Records from a data collection

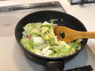 香りがたってきたら白菜、ベーコン、しめじを突っ込んで炒めて、
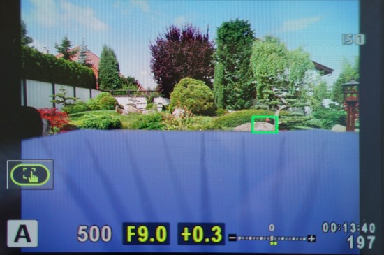 Uzlový bod objektivu nastaveného na 12 mm (ekv. 24 mm) je nalezen. Všimněte si, že je blízko vstupní čočky. Tento “no paralax point” se používá při pořizování panoramat z dílčích snímků. Objektivy panoramatických aparátů typu Horizont se otáčejí kolem uzlového bodu – kolem optické osy otáčení.
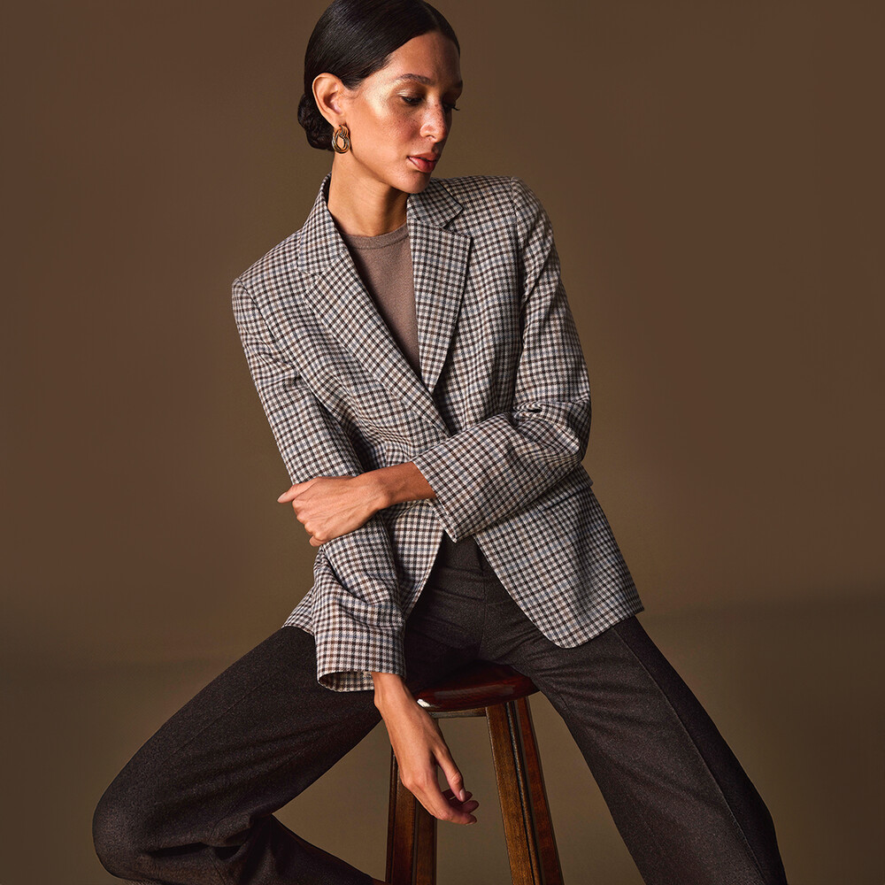 Gelince Haber VerKisha açık kahverengi ceket, zarif kareli deseni ve uzun kesimiyle kadınlara modern bir şıklık sunuyor. Günlük kombinlerde rahatlıkla kullanılabilirken, klasik parçalarla birleştirildiğinde modern bir görünüm sağlıyor. Yumuşak renk tonu, farklı tarzlarla kolayca uyum sağlıyor.
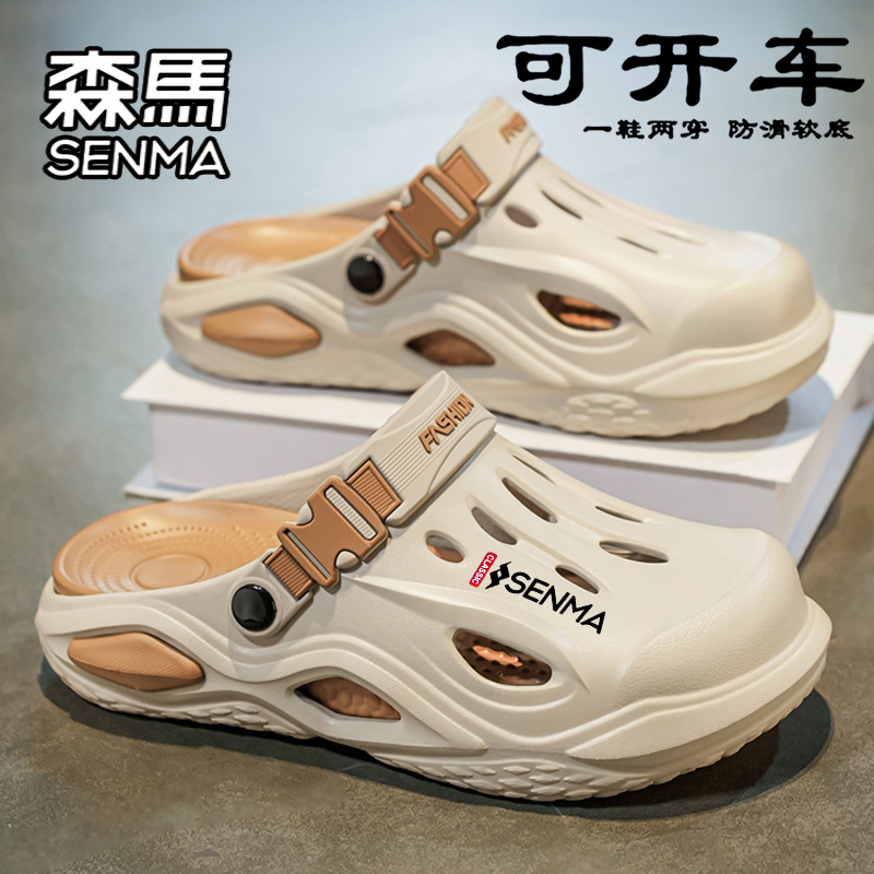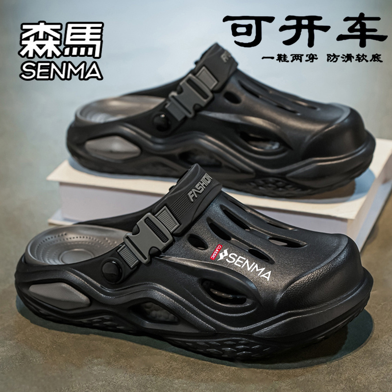 运动开车两穿涉水踩屎感凉鞋 外穿防滑防臭半拖鞋 男夏季 森马洞洞鞋
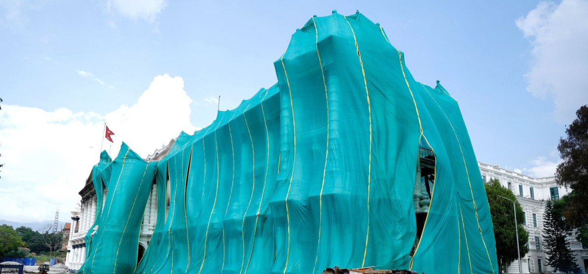 Burned Singha Durbar covered with tarpaulin as repairs begin
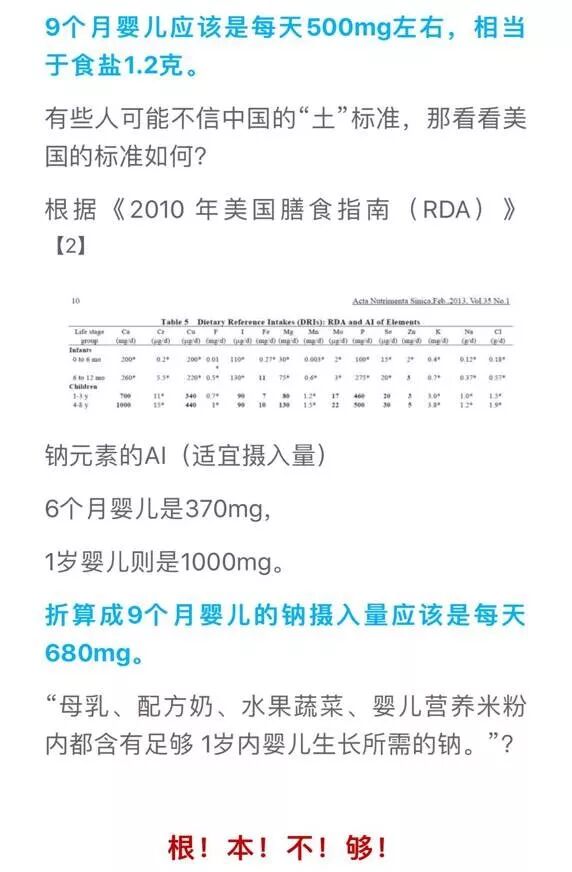 作者引用了2013版《中国居民膳食营养素参考摄入量》,以9月龄宝宝为例,得出钠的每日适宜摄入量是500毫克,又根据《2010年美国膳食指南》,得出9月龄宝宝每天钠的适宜摄入量是680毫克。 作者举例的9月龄宝宝,就作者引用的两个指南来看,适配的年龄段是6-12月龄,在2013版《中国居民膳食营养素参考摄入量》里,每日适宜摄入量是350毫克;《2010年美国膳食指南》每日适宜摄入量是370毫克。 但是,作者却根据两个月龄节点的每日适宜摄入量数值差,除以月数推算出9月龄婴儿的每日钠适宜摄入量500毫克或者680毫克,显然超出了指南相应年龄段的适宜摄入量了,也是对指南推荐的参考摄入量的错误解读。
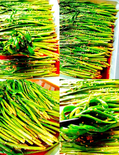 3、腌制酸香韭菜根的步骤如下: 准备韭菜根 洗净并切条:首先,将韭菜根洗净,确保去除表面的泥土和杂质,然后将其切成小条,以便于腌制时更好地入味。 加入佐料 撒入调料:在切好的韭菜根中撒入适量的盐、茴香粉、辣椒粉和花椒粉。这些调料不仅能增添风味,还能促进韭菜根的发酵过程。
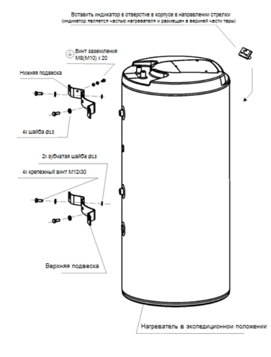 Баки изготовлены из стального листа и проверено в 1,5 раза большим значением рабочего давления, без внутреннего покрытия поверхности. Внутренняя поверхность резервуара эмалирована. К нижнему дну резервуара приварен фланец, к которому привинчена крышка фланца. Между крышкой фланца и фланцем вложено уплотнительное кольцо. В крышке фланца имеются гильзы для размещения датчиков регулирующего термостата и термометра. На гайке М8 установлен анодный стержень. Резервуар с водой изолирован твердой полиуретановой пеной. Электропроводка располагается под пластиковой съемной крышкой. Температуру воды можно установить термостатом. К напорной емкости приварен теплообменник (теплообменники).
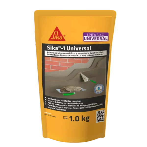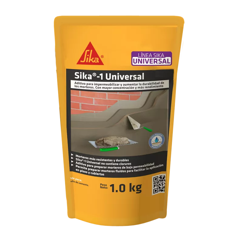 Sika®-1 Universal Es un aditivo líquido mejorado con polímeros sintéticos que actúa como impermeabilizante integral taponando poros y capilares en morteros. Aditivo para preparar morteros de baja permeabilidad, hidrorepelente, bloquea el agua.

_Task details_
Between and including the line with "Burned Singha Durbar" and the line with "准备韭菜根 洗净并切条:首先,将韭菜根洗净,确保去除表面的泥土和杂质,然后将其切成小条,以便于腌制时更好地入味。 加入佐料", repeat every line exactly as it appears above, with pictures left out.

_Answer to the exercise_
 Burned Singha Durbar covered with tarpaulin as repairs begin
 作者引用了2013版《中国居民膳食营养素参考摄入量》,以9月龄宝宝为例,得出钠的每日适宜摄入量是500毫克,又根据《2010年美国膳食指南》,得出9月龄宝宝每天钠的适宜摄入量是680毫克。 作者举例的9月龄宝宝,就作者引用的两个指南来看,适配的年龄段是6-12月龄,在2013版《中国居民膳食营养素参考摄入量》里,每日适宜摄入量是350毫克;《2010年美国膳食指南》每日适宜摄入量是370毫克。 但是,作者却根据两个月龄节点的每日适宜摄入量数值差,除以月数推算出9月龄婴儿的每日钠适宜摄入量500毫克或者680毫克,显然超出了指南相应年龄段的适宜摄入量了,也是对指南推荐的参考摄入量的错误解读。
 3、腌制酸香韭菜根的步骤如下: 准备韭菜根 洗净并切条:首先,将韭菜根洗净,确保去除表面的泥土和杂质,然后将其切成小条,以便于腌制时更好地入味。 加入佐料 撒入调料:在切好的韭菜根中撒入适量的盐、茴香粉、辣椒粉和花椒粉。这些调料不仅能增添风味,还能促进韭菜根的发酵过程。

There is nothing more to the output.